The fan asked if he could take a selfie. Altuve agreed because, what, are you going to say to a stranger who has hugged you in front of 41,700 people and — oh by the way — may not be quite right? But before the Hallmark moment could be snapped into his iPhone forever, security guards arrived and tackled him like J.J Watt.

“I saw him and saw he was wearing an Astros jersey,” Altuve would say later, “and I was like: ‘OK. I’m fine.’ ”
Maybe Altuve wanted to enjoy one final moment of hometown affection before stepping into the cauldron that awaits him this weekend, in The Bronx, where the local baseball citizenry will not exactly be in a hugging mood, and there will be exactly zero compassion on sale at any Yankee Stadium concession stand.
No. The emotion of choice will be fury, and the vessel will be a serenade that’ll be sure to include the choicest of the seven words George Carlin said you can’t utter on television.

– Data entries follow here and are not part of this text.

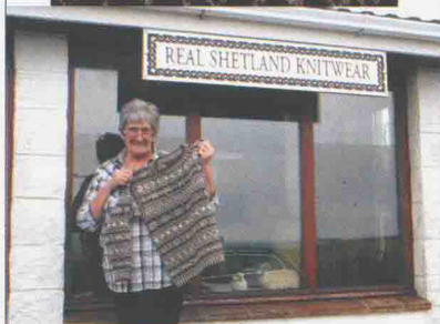
上/全部是羊毛原本的颜色。下/据说离开亲手编织的毛衣是让德雷恩·布朗觉得最寂寞的事情了。
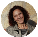
Teatro del Bosque de Móstoles María Sánchez
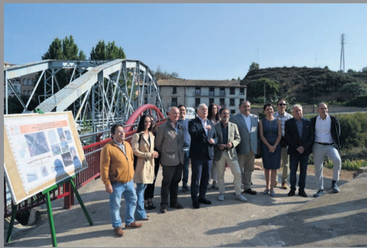
Las autoridades durante la inauguración. M. Jiménez

López destacó que "hoy es un día muy importante para los vecinos de Valderrobres, un día en el que por fin se hace justicia y se atiende una reivindicación histórica de este municipio, que es la de poder transitar peatonalmente de un lado al otro del río Matarra-
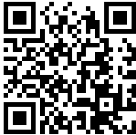
Foto rechts: QR-Code für das Herunterladen der App naturbeobachtung.at/ Projekt Kirchturmtiere.
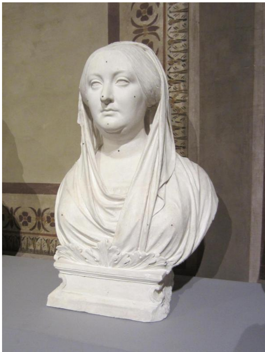
Zinaida Wolkońska (1791-1862)
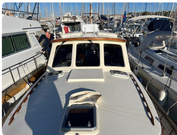
Liberty 35 fwd deck
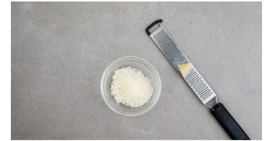
3. Käse reiben

Den Lauch und die Karotten zum Hackfleisch in die Pfanne geben und 1-2Min. mitbraten. Mit 1EL Mehl bestäuben und verrühren, dann mit 200ml Wasser ablöschen. Die ½ des Brühgewürzes hinzugeben und alles ca. 3Min. sanft einköcheln lassen. Mit Salz und Pfeffer abschmecken.
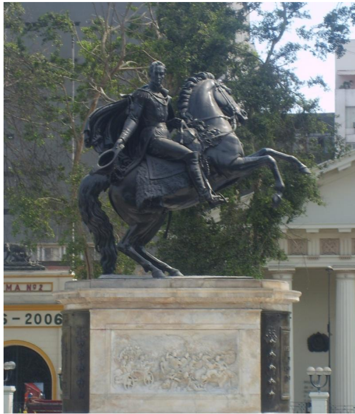
Figura 9: Simon Bolivar, monumento de 1859. Localizado na Praça do Congresso, Lima, Peru.

Yankees fans can’t help themselves when it comes to Altuve, even if they know better, even if the one way you may roust Altuve from his postseason squalor is by treating him like a common thief.
To Yankees fans, that’s what he is (even though Altuve has steadfastly maintained that while he was aware of the Astros’ garbage-can shenanigans, he never benefited from them). He helped heist the 2017 pennant from the Yankees. He all but snuck into Aaron Judge’s apartment and lifted the ’17 MVP plaque.
These should be the best of times for Yankees fans because few things should enchant them more than seeing Altuve scuffle. His final at-bat Thursday, Altuve hit a scorching line drive off Jonathan Loaisiga that was ticketed for right field until Gleyber Torres got his glove on the short hop as he fell to the dirt, then started a 4-6-3 DP.

That should’ve been pure bliss.
But there is nothing blissful about being down 0-2 to the Astros, the Yankees’ blood rival, even if Altuve — public enemy No. 1 — was nice enough to remove Dal Maxvill from the record books after 54 years, Maxvill having started the 1968 World Series 0-for-22 for the Cardinals.
Another famous 00000000ctober slide belonged to Gil Hodges, 0-for-21 for the 1952 World Series. When his slump continued into the next year, people all over Brooklyn — even the atheists and the agnostics — were asked to pray for Hodges, and they did.
There will be no prayers for Altuve in The Bronx this weekend. We could gently suggest that Yankee Stadium should let sleeping dogs lie, let Altuve be. But we know better. And if you have a seat in the left-field stands for any of the games, you would be wise to bring your mitt. Because you know better, too.